Without reference to the authorities that bear upon the question of what prejudice may result to an aggrieved party in circumstances similar to those here presented, it is the judgment of this court that, the entire situation in the instant case considered, defendant has no just cause for complaint.

Along similar line, appellant also complains that in the course of his argument to the jury the attorney who represented plaintiff referred to one of the witnesses produced by defendant as “just an insurance investigator”, and “a man connected with insurance companies”. In that regard, an examination of the record, as shown by the reporter’s transcript of the proceedings, reveals the fact that evidence was adduced from which plaintiff was justified in assuming that the witness to whom reference was had in fact was “connected with insurance companies”, and that to some extent his time was occupied as an “investigator”. It therefore becomes apparent that the complaint here made is without substantial foundation.

Effort is also made by appellant to convince this court that she was prejudicially affected in her defense to the action by the giving of certain instructions to the jury. These objections of appellant are directed to plaintiff’s numbers 20-A, 7-A, 8-A, 9-A, 12-A, and 4, which are set out on pages 522 et seq., to supplement of appellant’s opening brief. The criticisms presented by appellant deal principally with claimed errors in some (not all) of the court’s instructions touching the defense of contributory negligence of the plaintiff, and with claimed conflicts between the rules stated in these instructions and those found in other instructions given to the jury. While these criticisms are well argued by appellant and have enough merit to require close examination of the case in relation to such instructions, we are not convinced that such defects as might be found in these instructions were not remedied by other instructions given to the jury, without the creation thereby of ahy harmful inconsistency or result prejudicial to the substantial rights of the defendant in the premises. Prior to the instant of collision between the defendant’s automobile and the automobile in which plaintiff was riding as a guest, and down to that moment, the plaintiff had been riding in the “rumble seat” behind the driver. It was a cold and foggy night. The plaintiff had covered herself with a blanket and at no time prior to the accident was her head uncovered. It is not the law that under all possible circumstances one who is riding as a guest in such a vehicle must watch the road and the driver, and hold himself in readiness to give directions to the driver concerning the dangers of the road. On the facts of this case we think that the defense of contributory negligence, or 'any negligence, on the part of the plaintiff is so completely without merit that even if the instructions on that subject were in some particulars not precisely correct, such errors were not prejudicial to the substantial rights of the defendant, and it cannot be said that they produced any miscarriage of justice.
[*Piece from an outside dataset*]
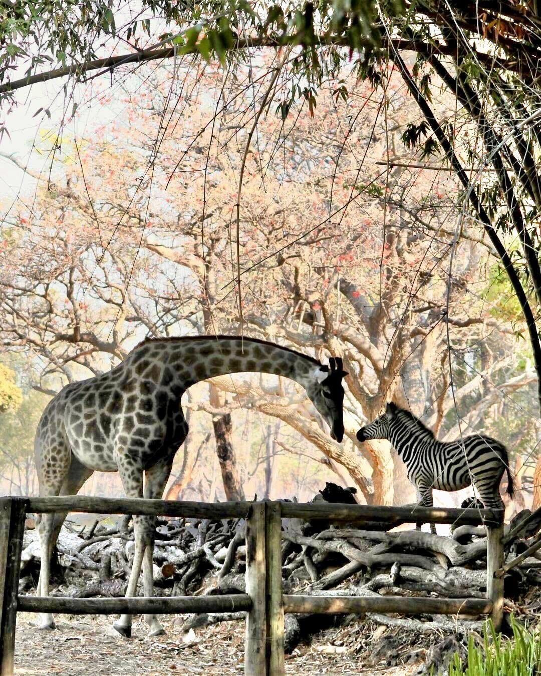 This week in Zimbabwe at Wild is Life: James the young Zebra bids good morning to Skye the giraffe. Exquisite!

Finally, appellant complains that the amount of the verdict was excessive. The evidence and the law with reference thereto considered, this court is of the opinion that the jury was authorized to find the damages ‘suffered by plaintiff in the amount indicated in the verdict.

The judgment is affirmed.

A petition for a rehearing of this cause was denied by the District Court of Appeal on January 9, 1935, and the following opinion then rendered thereon:

THE COURT.

The petition for rehearing of this appeal is denied. Complaint is made that this court’s opinion filed in our decision of the case did not discuss appellant’s assignment.of error of the trial court in denying the motion for a new trial, with reference to the proposed testimony of newly discovered witnesses. We think that the testimony in question is in substance only cumulative to that of other witnesses who testified at the trial. Appellant at that time knew of the existence and identity of these additional witnesses, but had not been able to locate them. It may well be that- a continuance, if a motion therefor had been made, would have been granted. But no such motion was made. We think that the court was not guilty of any abuse of discretion in denying the motion for a new trial.

A petition by appellant to have the cause heard in the Supreme Court, after judgment in the District Court of Appeal, was denied by the Supreme Court on February 7, 1935.

Preston, J., voted for a hearing.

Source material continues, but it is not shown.